Nunca nos divertimos
Não sabemos o peso de um pai
Até que ele seja nosso fardo.

Eu estava relendo esse poema quando o meu telefone vibrou.
Ele: Oi.
Eu: Oi.
Ele: Por acaso você está lendo meu blog neste exato momento?
Eu: … Talvez. Tem problema?
Ele: Que bom que é você. O Analytics me informou que alguém de Indianápolis está na minha página há trinta minutos. Fiquei nervoso.
Eu: Por quê?
Ele: Não quero meus poemas horríveis saindo nos jornais.
Eu: Ninguém faria isso. E você tem que parar de dizer que seus poemas são horríveis.
Ele: Como você encontrou o blog?
Eu: Procurei por “as folhas seguiram seu caminho, vocês também deveriam ir”. Outra pessoa não saberia como nem onde procurar.

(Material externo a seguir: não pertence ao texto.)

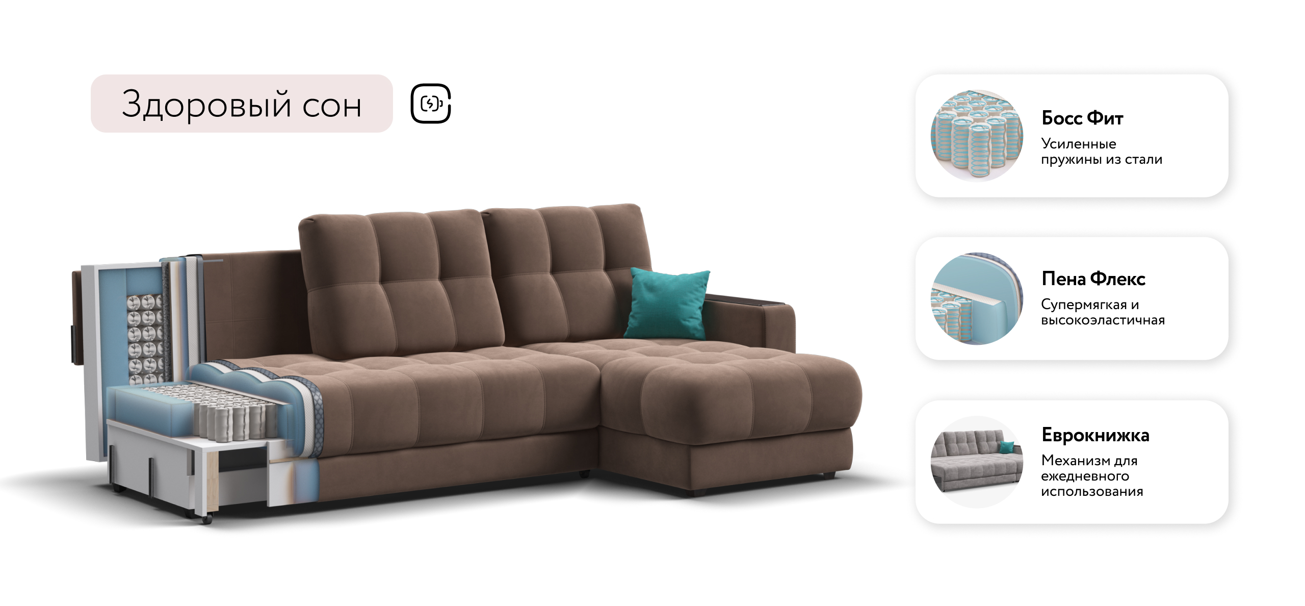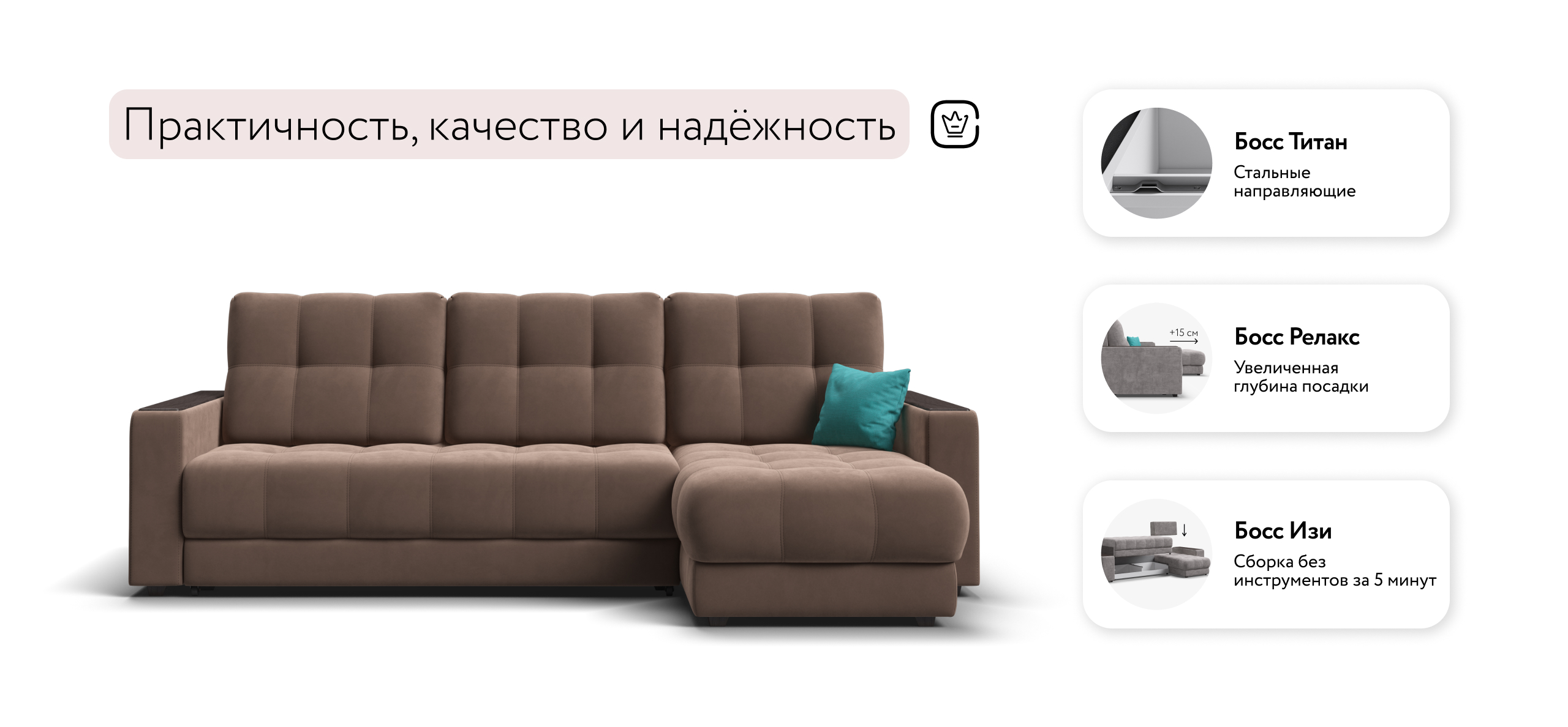 Продуманный до мелочей диван BOSS сочетает в себе мягкие ткани, надежный каркас, качественное наполнение матраса и быструю сборку за 1 минуту без инструментов — ощутите комфорт у себя дома!
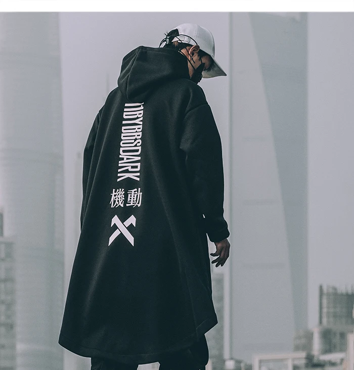 Плащ мужской, с вышивкой в стиле хип-хоп, с карманами

Ele: Desculpa se estou sendo paranoico, é só que gosto de postar no blog e não quero ter que apagar.
Ele: Adorei ver você hoje.
Eu: Eu também.
Vi o “digitando…”, mas não recebi nada, então escrevi:
Eu: Quer falar pelo FaceTime?
Ele: Claro.
Meus dedos tremiam um pouco quando toquei em “iniciar chamada”. O rosto de Davis surgiu na tela, cinza na luz fantasmagórica do celular dele.
Shhh — fiz, levando um dedo à boca.
Ficamos olhando um para o outro em silêncio, embora fôssemos apenas borrões na luz turva das telas dos celulares, e aquele foi o momento mais íntimo que já tive na vida real.
Ao olhar para o rosto de Davis olhando para o meu, percebi que era um ciclo o que nos permitia ver um ao outro: a luz que iluminava o rosto dele vinha do meu quarto, e a luz que iluminava meu rosto vinha do quarto dele. Eu só conseguia vê-lo porque ele conseguia me ver. No medo e na empolgação de estarmos frente a frente naquela luz prateada e granulada, a sensação era de que eu não estava na minha cama, nem ele na dele. Na verdade, estávamos juntos num lugar não sensorial, quase como se dentro da consciência um do outro, uma proximidade que a vida real, com seus corpos reais, nunca alcançaria.
Depois que desligamos, ele mandou uma última mensagem:
Gosto de nós. De verdade.
E eu acreditava nisso.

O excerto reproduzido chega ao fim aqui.